А вот вторая история с исцелением. Она случилась гораздо позже, в 1968 году. Байкал. Небольшая деревушка Листвянка. Я приехал к знакомому егерю, Саше Бурмистеру. А у него горе, наколол недавно пятку, нога распухла, аж багровая. Местный врач настаивает на ампутации, утверждает, что гангрена поразила ногу до колена и может вызвать летальный исход — общее отравление организма. Приводит в качестве примера исторический факт с отцом В. Маяковского, умершего от гангрены руки.
Саша ноги лишаться не хочет и по совету местных старушек я везу его на лодке на остров Ольхон, где живет ведьма, скромно именуемая среди населения «шептуньей».
Приплыли, прошли в ее хату, где ничего не напоминает сказки про бабу Ягу. Чистая сельская изба, портрет Пушкина на стене, половики, свежий воздух, русская печь.

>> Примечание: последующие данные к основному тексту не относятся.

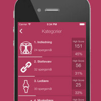 Kategorier og spørgsmål tager udgangspunkt i Bevægeapparatets anatomi 13. udgave af Finn Bojsen Møller m.fl. For hver quiz kan du se en status over dine besvarelser af netop denne quiz og du kan dyste mod dine venner og læsemakker via GameCenter med funktionen 1 mod 1.

Хозяйка тоже обычная: худенькая женщина неопределенного возраста. Очень черные волосы. Длинные, чуть ли не до пояса. Распущенные и перехваченные у затылка аптекарской резинкой.
Прошли в комнату, женщина осмотрела ногу, поцокала языком, ушла в сарай. Через некоторое время вернулась, поставила на плиту котелок, набросала туда травы, каких–то кореньев, дала воде вскипеть и сняла котелок. А Саше говорит:
— Вон, видишь в полу в доске дырка от сучка выпавшего. Ну–ка встань на эту дырку пяткой.
Он встал с трудом, я его за руку поддерживаю. Стоит. А женщина ходит вокруг и что–то шепчет, не разобрать. Что–то, вроде: «уходи немогуха в дыру, уходи агнь в холоду, в дыру провались…».
Так минут десять ходила и бормотала. А потом уложила его на свою кровать и дала испить из котелка. Весь заставила выпить, больше литра. И мне говорит:
— Он сейчас заснет и спать будет сутки.
Я ее спрашиваю:
— А вы где будете?
— У меня за занавеской вторая кровать есть. А ты, хочешь здесь побудь, в сарае поспишь, а хочешь — езжай, завтра приедешь.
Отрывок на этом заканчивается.